▸ Work instructions
Please tally the lines of the listing that hold the string "fire", and reply with that total only.

[Opening Supplied material section]

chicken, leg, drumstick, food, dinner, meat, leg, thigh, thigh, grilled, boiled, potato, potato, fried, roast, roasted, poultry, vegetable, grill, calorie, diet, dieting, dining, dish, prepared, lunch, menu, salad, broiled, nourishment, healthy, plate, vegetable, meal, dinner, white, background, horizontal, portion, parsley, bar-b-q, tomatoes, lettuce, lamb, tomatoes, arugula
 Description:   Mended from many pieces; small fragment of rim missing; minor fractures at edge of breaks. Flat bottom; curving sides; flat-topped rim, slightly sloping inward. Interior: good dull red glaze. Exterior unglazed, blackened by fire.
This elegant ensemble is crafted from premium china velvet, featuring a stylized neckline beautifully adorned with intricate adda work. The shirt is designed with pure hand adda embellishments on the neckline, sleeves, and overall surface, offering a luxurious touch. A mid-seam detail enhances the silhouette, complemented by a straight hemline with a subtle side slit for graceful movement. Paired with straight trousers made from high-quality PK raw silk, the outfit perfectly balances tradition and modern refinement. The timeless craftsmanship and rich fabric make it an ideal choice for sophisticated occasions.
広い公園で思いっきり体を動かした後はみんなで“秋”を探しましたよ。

[Closing Supplied material section]
[Opening Supplied material section]

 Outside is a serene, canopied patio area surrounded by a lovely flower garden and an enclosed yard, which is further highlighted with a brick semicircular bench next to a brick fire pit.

[Closing Supplied material section]

▸ Exercise result
2